If you are just learning SSE, I suggest using only raw intrinsics without any structs. In this case it would be significantly easier for you to see what is going on, and tweak performance to its best. Coding with intrinsics is almost the same as coding directly in assembler, with only difference that compiler does register allocation and manages memory loads/stores itself.

Speaking of your wrapper class, it has several problems:

  1. Remove temp pointer. It adds unnecessary data which is constantly moved around.
  2. Remove default constructor. In most cases you don't want to waste time each time you declare a new variable. And do not implement destructor, copy/move constructors and assignments: they will only slow you down at the end.
  3. Define (i.e. write function body) all your operators in the header file. If you write implementations of your operators in a cpp file, it may prevent compiler from inlining them (unless you use link-time optimization, see this for example).
  4. Accept arguments of type sse by value wherever possible. If you pass float*, then you'll likely have to load the value from this pointer. However, in most cases it is not necessary: the data is already in register. When you use values of type __m128, the compiler can decide itself if it has to save/load data to memory.
  5. Return value of type sse from each nonmodifying operator. Right now you store the result into a memory pointer, which is implemented in ugly way. This forces compiler to really store data to memory instead of simply keeping the value in register. When you return __m128 by value, compiler cam decide when to save/load data.

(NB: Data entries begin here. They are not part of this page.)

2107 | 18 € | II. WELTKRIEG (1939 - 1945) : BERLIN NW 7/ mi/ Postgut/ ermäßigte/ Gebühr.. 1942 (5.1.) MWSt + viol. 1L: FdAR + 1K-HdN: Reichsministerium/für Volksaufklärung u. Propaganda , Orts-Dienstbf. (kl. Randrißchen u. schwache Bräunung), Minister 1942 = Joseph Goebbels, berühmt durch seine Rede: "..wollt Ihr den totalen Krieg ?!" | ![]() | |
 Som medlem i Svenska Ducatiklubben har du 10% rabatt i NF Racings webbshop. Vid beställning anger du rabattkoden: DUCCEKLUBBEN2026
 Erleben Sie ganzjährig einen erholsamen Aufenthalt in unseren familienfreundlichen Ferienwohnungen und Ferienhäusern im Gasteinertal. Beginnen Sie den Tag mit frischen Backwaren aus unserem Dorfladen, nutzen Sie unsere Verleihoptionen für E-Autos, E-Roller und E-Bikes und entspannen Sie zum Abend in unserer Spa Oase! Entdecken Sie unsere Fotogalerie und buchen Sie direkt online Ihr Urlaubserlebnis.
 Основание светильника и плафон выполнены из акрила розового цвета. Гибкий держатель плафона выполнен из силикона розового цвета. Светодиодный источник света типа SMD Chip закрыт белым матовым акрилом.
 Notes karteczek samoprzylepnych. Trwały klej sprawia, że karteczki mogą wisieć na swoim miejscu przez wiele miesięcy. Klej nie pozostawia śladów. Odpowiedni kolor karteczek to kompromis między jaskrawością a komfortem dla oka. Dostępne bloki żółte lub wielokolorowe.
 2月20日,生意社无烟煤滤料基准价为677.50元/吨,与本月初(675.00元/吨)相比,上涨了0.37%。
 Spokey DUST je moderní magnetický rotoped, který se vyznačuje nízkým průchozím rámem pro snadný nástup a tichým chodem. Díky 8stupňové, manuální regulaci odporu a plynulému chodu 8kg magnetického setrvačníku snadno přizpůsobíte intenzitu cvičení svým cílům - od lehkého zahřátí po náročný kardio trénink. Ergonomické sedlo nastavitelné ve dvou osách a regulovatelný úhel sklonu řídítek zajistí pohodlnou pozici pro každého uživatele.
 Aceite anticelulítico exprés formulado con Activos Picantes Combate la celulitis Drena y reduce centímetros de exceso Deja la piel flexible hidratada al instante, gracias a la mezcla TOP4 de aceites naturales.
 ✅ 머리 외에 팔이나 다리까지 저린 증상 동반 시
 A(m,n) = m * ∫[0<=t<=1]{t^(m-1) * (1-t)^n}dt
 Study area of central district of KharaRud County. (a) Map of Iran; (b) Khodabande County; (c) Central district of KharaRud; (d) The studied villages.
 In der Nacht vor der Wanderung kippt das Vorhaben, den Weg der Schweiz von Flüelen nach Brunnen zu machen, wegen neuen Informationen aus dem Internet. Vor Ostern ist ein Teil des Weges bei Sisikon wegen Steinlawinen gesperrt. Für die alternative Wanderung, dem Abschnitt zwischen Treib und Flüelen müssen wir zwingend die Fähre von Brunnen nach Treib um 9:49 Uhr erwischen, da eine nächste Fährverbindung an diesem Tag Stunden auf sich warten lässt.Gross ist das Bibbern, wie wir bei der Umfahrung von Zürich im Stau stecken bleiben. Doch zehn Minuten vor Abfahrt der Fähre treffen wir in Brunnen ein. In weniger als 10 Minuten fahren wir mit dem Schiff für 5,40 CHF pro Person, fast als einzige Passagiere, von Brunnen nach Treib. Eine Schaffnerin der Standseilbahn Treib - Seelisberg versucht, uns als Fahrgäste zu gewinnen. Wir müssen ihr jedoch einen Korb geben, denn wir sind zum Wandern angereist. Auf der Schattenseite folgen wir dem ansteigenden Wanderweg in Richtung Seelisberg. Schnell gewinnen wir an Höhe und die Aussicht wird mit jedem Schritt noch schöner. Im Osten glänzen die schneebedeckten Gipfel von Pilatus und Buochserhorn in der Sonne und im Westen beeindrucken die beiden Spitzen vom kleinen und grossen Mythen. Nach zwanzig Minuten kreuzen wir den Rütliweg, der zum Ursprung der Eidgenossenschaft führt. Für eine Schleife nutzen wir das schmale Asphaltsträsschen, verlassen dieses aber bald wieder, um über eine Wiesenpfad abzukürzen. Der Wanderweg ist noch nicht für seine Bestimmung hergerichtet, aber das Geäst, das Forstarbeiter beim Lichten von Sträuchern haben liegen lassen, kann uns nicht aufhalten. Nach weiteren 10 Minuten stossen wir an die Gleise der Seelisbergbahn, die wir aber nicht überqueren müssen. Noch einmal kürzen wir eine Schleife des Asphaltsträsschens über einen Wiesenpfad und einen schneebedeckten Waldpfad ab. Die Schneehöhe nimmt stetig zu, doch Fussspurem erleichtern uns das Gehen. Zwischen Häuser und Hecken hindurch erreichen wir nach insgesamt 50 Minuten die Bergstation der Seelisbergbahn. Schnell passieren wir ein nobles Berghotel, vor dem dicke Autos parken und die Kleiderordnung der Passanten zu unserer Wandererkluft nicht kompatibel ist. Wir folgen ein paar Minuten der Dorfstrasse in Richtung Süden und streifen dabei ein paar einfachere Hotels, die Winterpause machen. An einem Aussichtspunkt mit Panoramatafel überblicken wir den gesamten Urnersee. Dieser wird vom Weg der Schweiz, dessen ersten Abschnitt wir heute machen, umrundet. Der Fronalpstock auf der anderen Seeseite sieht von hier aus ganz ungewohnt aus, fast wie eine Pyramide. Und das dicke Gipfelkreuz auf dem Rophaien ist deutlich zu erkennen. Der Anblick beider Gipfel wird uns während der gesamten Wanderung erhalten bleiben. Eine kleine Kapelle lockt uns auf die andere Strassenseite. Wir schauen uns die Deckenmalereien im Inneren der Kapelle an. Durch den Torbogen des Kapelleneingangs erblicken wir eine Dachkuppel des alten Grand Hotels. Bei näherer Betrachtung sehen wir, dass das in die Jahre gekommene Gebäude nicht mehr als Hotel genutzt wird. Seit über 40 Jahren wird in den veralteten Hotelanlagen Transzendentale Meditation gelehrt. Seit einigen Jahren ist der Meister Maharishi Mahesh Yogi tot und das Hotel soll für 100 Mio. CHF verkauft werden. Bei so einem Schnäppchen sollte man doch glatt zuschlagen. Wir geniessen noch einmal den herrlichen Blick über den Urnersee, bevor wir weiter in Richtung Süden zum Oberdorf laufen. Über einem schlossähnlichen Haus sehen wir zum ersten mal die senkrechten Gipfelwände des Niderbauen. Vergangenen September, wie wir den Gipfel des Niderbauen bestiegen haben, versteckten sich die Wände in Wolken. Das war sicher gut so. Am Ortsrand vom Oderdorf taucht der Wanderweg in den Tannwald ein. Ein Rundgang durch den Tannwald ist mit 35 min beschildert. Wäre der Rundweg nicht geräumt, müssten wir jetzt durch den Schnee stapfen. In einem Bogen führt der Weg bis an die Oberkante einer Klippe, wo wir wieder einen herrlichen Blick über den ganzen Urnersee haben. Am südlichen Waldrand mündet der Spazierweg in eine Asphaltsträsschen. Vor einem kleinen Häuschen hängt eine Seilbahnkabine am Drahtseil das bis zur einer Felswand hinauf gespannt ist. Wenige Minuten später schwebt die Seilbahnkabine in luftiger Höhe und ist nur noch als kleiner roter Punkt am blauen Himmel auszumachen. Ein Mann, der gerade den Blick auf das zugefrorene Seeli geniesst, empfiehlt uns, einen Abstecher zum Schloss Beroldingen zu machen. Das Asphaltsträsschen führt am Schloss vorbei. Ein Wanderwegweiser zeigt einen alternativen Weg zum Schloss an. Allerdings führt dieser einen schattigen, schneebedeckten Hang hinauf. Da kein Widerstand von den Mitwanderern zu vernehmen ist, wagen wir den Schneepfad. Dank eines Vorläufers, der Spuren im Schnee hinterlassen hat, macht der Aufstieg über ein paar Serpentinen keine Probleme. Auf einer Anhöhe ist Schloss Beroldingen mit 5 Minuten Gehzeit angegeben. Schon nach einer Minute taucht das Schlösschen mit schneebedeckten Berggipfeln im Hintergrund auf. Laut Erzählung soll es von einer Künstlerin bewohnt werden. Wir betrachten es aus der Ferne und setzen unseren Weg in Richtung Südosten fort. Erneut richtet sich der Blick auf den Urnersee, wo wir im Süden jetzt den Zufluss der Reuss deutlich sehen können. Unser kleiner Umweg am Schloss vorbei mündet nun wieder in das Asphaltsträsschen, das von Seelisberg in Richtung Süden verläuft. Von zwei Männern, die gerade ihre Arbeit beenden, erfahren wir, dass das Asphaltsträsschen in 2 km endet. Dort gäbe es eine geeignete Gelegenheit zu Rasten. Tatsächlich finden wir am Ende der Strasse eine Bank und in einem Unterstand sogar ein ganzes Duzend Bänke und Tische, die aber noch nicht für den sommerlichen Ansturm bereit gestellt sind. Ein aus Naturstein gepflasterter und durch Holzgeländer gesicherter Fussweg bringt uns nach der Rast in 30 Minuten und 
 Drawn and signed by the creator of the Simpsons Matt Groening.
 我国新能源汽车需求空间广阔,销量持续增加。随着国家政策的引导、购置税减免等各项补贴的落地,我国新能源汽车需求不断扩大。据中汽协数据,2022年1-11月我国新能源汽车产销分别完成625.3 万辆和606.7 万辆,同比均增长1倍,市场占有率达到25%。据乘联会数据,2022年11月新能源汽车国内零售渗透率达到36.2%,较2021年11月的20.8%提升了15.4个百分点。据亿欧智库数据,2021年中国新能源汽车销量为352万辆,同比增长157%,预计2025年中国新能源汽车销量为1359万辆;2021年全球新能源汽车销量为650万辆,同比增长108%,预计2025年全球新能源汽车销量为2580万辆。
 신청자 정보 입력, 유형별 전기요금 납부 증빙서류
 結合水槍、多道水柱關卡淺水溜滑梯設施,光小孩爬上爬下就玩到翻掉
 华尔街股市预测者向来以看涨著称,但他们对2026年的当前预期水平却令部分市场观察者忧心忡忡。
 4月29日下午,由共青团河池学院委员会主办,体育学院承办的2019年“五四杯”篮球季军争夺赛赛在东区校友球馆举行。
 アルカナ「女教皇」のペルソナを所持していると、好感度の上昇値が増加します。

Here is your code rewritten for better performance and usability:

class sse {
private:
    __m128 vec;
public:
    explicit sse(float *ptr) { vec = _mm_loadu_ps(ptr); }
    sse(__m128 reg) { vec = reg; }
    void store(float *ptr) { _mm_storeu_ps(ptr, vec); }

    sse operator + (sse other) const {
        return sse(_mm_add_ps(vec, other.vec));
    }
    sse operator - (sse other) {...}
    sse operator * (sse other) {...}
    sse operator / (sse other) {...}

    void operator += (sse other) {
        vec = _mm_add_ps(vec, other.vec);
    }
    void operator -= (float *param) {...}
    void operator *= (float *param) {...}
    void operator /= (float *param) {...}

    //I don't know what you mean by these operators:
    //void operator ^ (int number);
    //void operator == (float *param);
    //sse operator % (sse other);
};

P.S. In any case you should regularly inspect the assembly generated by your compiler in order to see if it has any performance issues.